Zohra wears a gold pantsuit and diamond earrings; they have checked into the hotel, showered, and changed, and she smells of perfume. Surely, when she packed for her birthday trip, she picked these things for someone other than Less. But he is who she has. He wears, of course, his blue suit.
“You know what?” Zohra says, holding out the glass and staring at it. “This hooch reminds me of my grandmother in Georgia. The republic, not the state. She used to make something just like this.”
“It just seemed better,” Less continues, still on Freddy, “to get away. And bring this novel back to life.”
Zohra sips her marc and stares at the view, such as it is at this hour. “Mine left me too,” she says.
Less sits quietly for a moment, then says suddenly: “Oh! Oh no, he didn’t leave me—”
“Janet was supposed to be here.” Zohra closes her eyes. “Arthur, you’re here because there was an empty space and Lewis said he had a friend; that’s why you’re here. It’s lovely to have you. I mean, you’re all that’s left. Everybody else is so fucking weak. What happened to everybody? I’m glad you’re here. But I’ll be honest with you. I’d rather have her.”
For some reason, it never occurred to Less that she was a lesbian. Perhaps he is a bad gay, after all.
“What happened?” he asks.
“What else?” Zohra says, sipping from the little glass. “She fell in love. She lost her mind.”
Less murmurs his sympathy, but Zohra is lost in herself. At the bar, the taller man seems to have won and heads out in long strides to the balcony. The short man, bald on top except for a single oasis, stares after his friend with unconcealed longing. Outside: a view perhaps of Gstaad or St. Moritz. The dark rolling forests of sleeping macaques, the Romanesque steeple of a skating rink, the cold black sky.
“She told me she met the love of her life,” Zohra says at last, still staring out the window. “You read poems about it, you hear stories about it, you hear Sicilians talk about being struck by lightning. We know there’s no love of your life. Love isn’t terrifying like that. It’s walking the fucking dog so the other one can sleep in, it’s doing taxes, it’s cleaning the bathroom without hard feelings. It’s having an ally in life. It’s not fire, it’s not lightning. It’s what she always had with me. Isn’t it? But what if she’s right, Arthur? What if the Sicilians are right? That it’s this earth-shattering thing she felt? Something I’ve never felt. Have you?”

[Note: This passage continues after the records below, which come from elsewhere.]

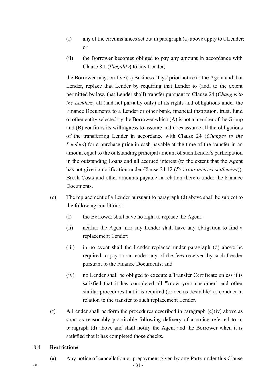 -/0 - 31 - (i) any of the circumstances set out in paragraph (a) above apply to a Lender; or (ii) the Borrower becomes obliged to pay any amount in accordance with Clause 8.1 (Illegality) to any Lender, the Borrower may, on five (5) Business Days' prior notice to the Agent and that Lender, replace that Lender by requiring that Lender to (and, to the extent permitted by law, that Lender shall) transfer pursuant to Clause 24 (Changes to the Lenders) all (and not partially only) of its rights and obligations under the Finance Documents to a Lender or other bank, financial institution, trust, fund or other entity selected by the Borrower which (A) is not a member of the Group and (B) confirms its willingness to assume and does assume all the obligations of the transferring Lender in accordance with Clause 24 (Changes to the Lenders) for a purchase price in cash payable at the time of the transfer in an amount equal to the outstanding principal amount of such Lender's participation in the outstanding Loans and all accrued interest (to the extent that the Agent has not given a notification under Clause 24.12 (Pro rata interest settlement)), Break Costs and other amounts payable in relation thereto under the Finance Documents. (e) The replacement of a Lender pursuant to paragraph (d) above shall be subject to the following conditions: (i) the Borrower shall have no right to replace the Agent; (ii) neither the Agent nor any Lender shall have any obligation to find a replacement Lender; (iii) in no event shall the Lender replaced under paragraph (d) above be required to pay or surrender any of the fees received by such Lender pursuant to the Finance Documents; and (iv) no Lender shall be obliged to execute a Transfer Certificate unless it is satisfied that it has completed all "know your customer" and other similar procedures that it is required (or deems desirable) to conduct in relation to the transfer to such replacement Lender. (f) A Lender shall perform the procedures described in paragraph (e)(iv) above as soon as reasonably practicable following delivery of a notice referred to in paragraph (d) above and shall notify the Agent and the Borrower when it is satisfied that it has completed those checks. 8.4 Restrictions (a) Any notice of cancellation or prepayment given by any Party under this Clause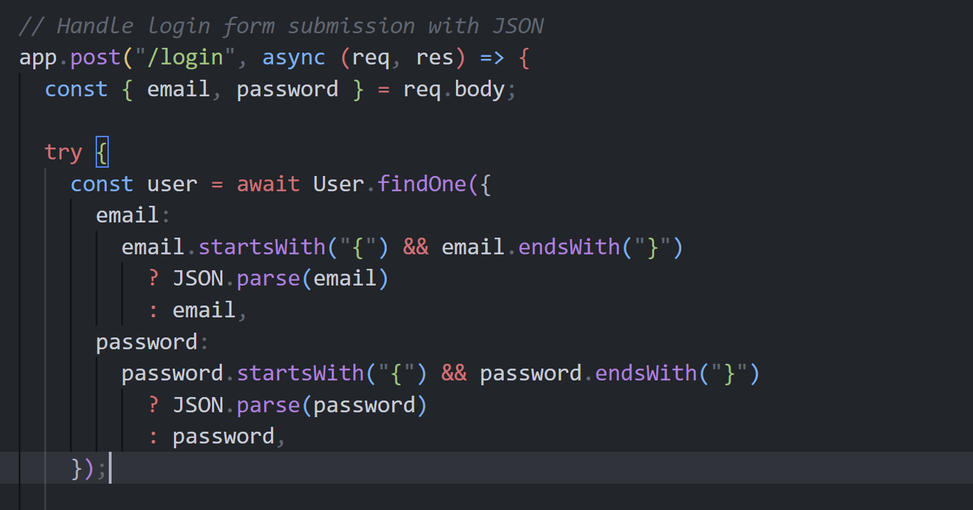 همونطور که از این تیکه از کد پیداست ظاهرا اینجا میاد و email , password رو میگیره بعدش چک میکنه اگر این دو تا متغییر استرینگی بودن که با { شروع و با } تموم شده بودن یک بار دیگه این متغییر رو با JSON پارس میکنه. کد همینجا برای ما مشکوک میشه چون ما بتونیم با استفاده از یه سری فیچر که خود mongoose ارائه میده استفاده کنیم و هر چیزی که هست (که شامل ادمین هم میشه) رو پیدا کنیم و دیتاهاش رو نمایش بدیم.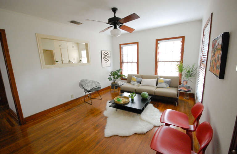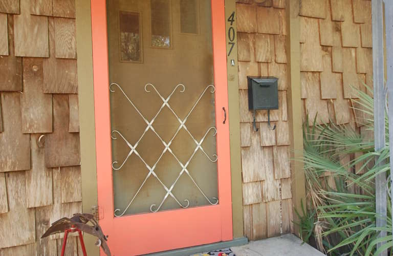 Travis Heights 1930's duplex. Featuring original hardwoods, woodwork, tiled kitchen and bath, and period details throughout. Front porch and side patio, with nice green space in the front and back of the house. Garage space provided with washer/dryer connections inside.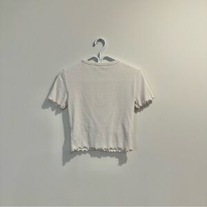 8 seconds | women's small white Button-Up Short Sleeve Top with ruffles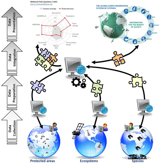 A few prototypes adopting a Service-Oriented Architecture (SOA) and distributed databases have been initially developed to demonstrate the potential of such an architecture for biodiversity [38,39] using, for example, a web-processing service for ecological modeling and forecasting [25,40]. Such a Service-Oriented Architecture (SOA) would have been stimulating as much as possible a culture of “quality control” for robust science through the whole data process: from the harvesting of the data to their integration with other sources by different experts when generating new information. A true SOA greatly eases the overall update of the selected datasets and indicators and allows developers to propose an almost infinite number of web-based tools for different end-users who thus require only access to the internet to access millions of records, run models and access the latest information that is available without any need of a local infrastructure.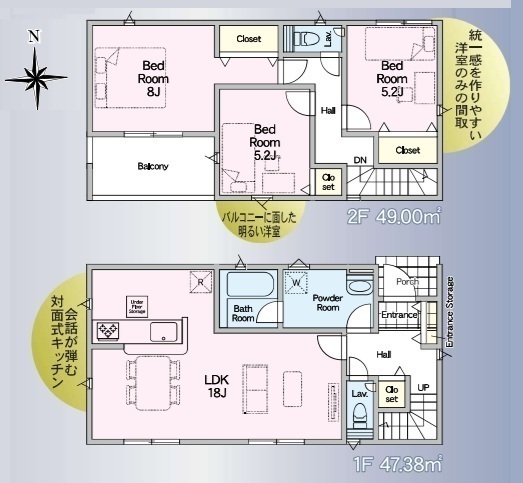 全2棟、駐車2台可(車種による)、LDK18帖、対面キッチン、主寝室8帖、全居室収納有、浴室乾燥機、防犯カメラ、南面バルコニー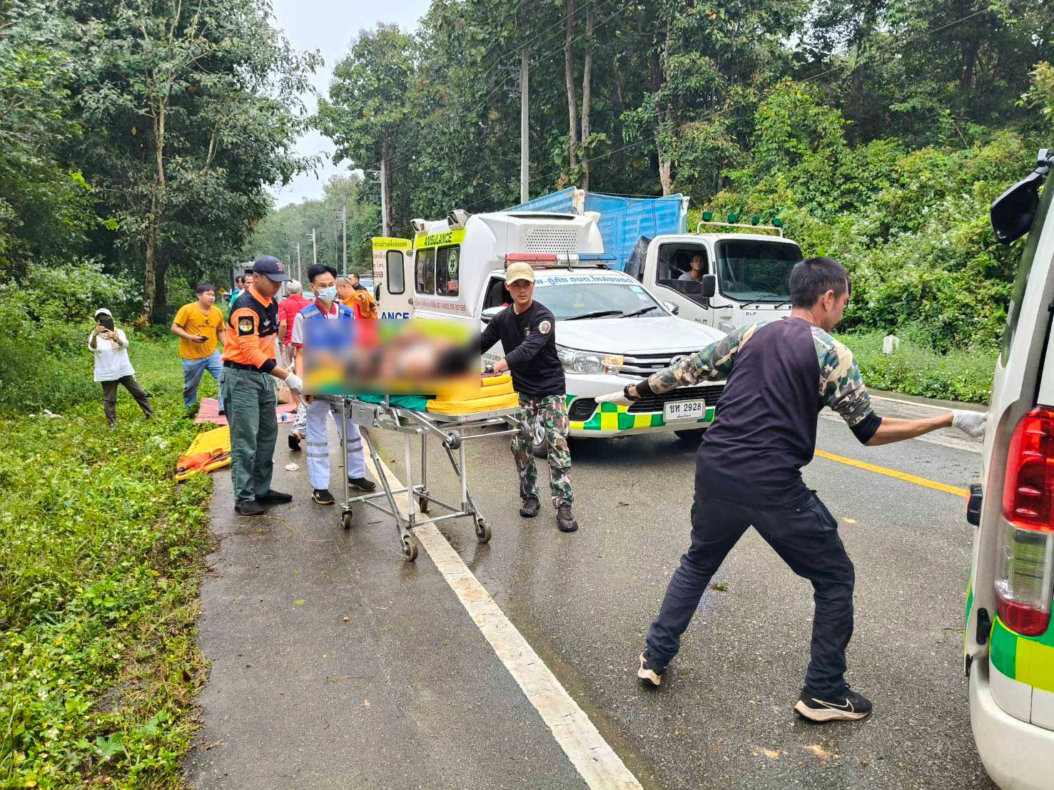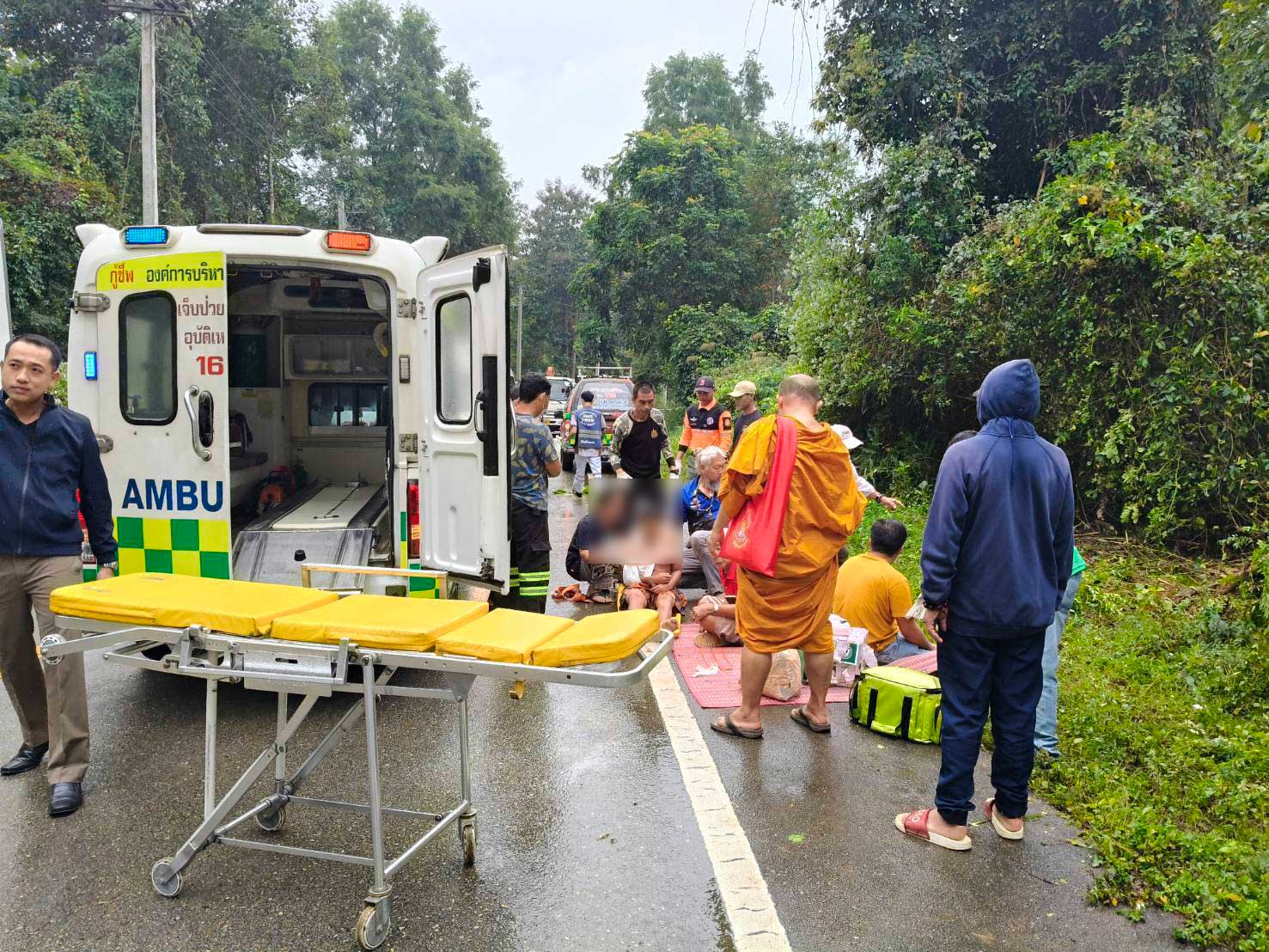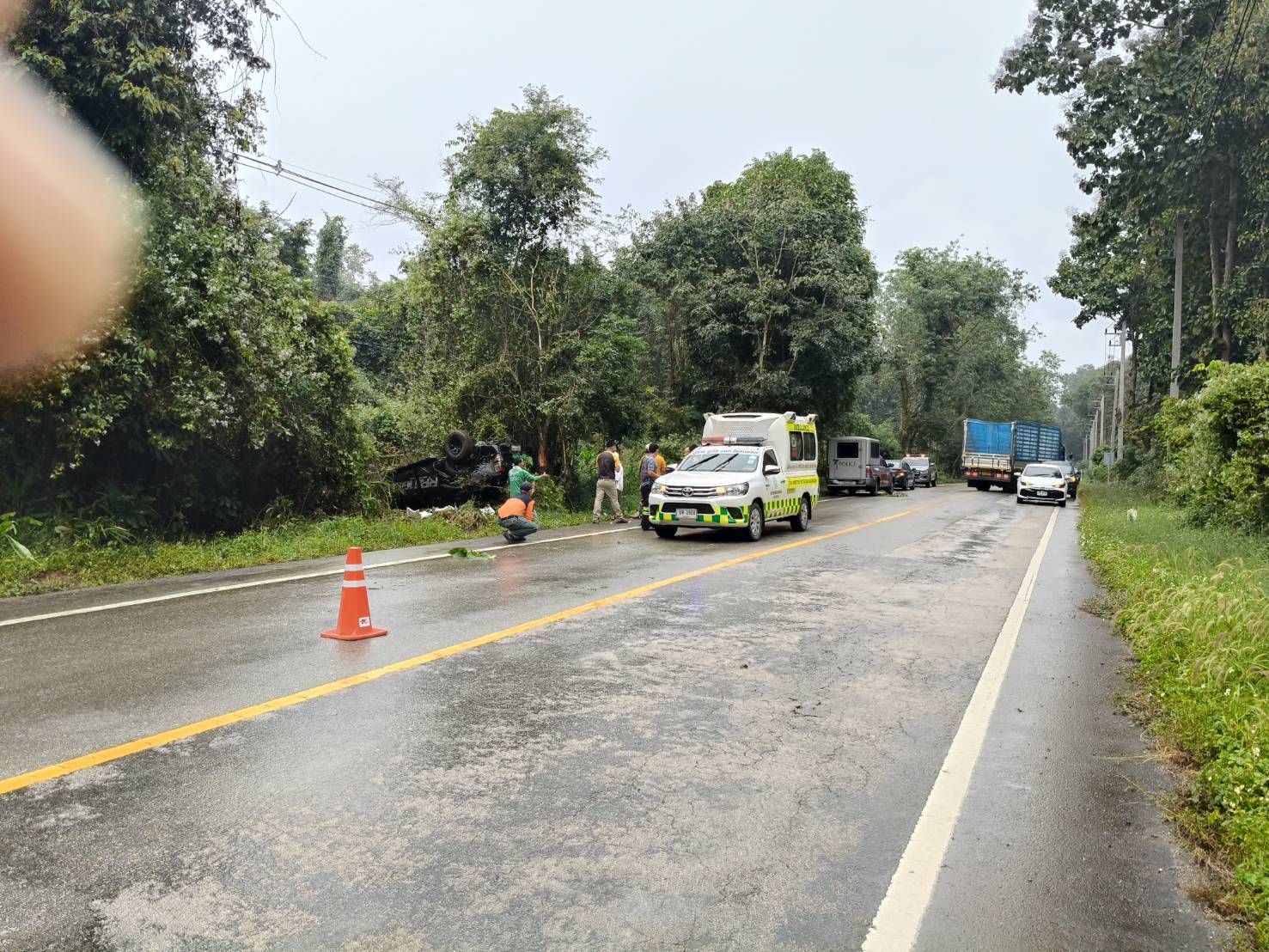 สาเหตุของอุบัติเหตุ: เจ้าหน้าที่คาดว่า สาเหตุของอุบัติเหตุเกิดจากฝนตกทำให้ถนนลื่น ประกอบกับเป็นทางโค้ง จึงทำให้รถเสียหลักพลิกคว่ำลงข้างทาง

Less begins to breath unevenly.
She turns to him: “What if one day you meet someone, Arthur, and it feels like it could never be anyone else? Not because other people are less attractive, or drink too much, or have issues in bed, or have to alphabetize every fucking book or organize the dishwasher in some way you just can’t live with. It’s because they aren’t this person. This woman Janet met. Maybe you can go through your whole life and never meet them, and think love is all these other things, but if you do meet them, God help you! Because then: ka-blam! You’re screwed. The way Janet is. She ruined our life for it! But what if that’s real?” She is gripping the chair now.
“Zohra, I’m so sorry.”
“Is it like that with this Freddy?”
“I…I…”
“The brain is so wrong, all the time,” she says, turning to the dark landscape again. “Wrong about what time it is, and who people are, and where home is: wrong wrong wrong. The lying brain.”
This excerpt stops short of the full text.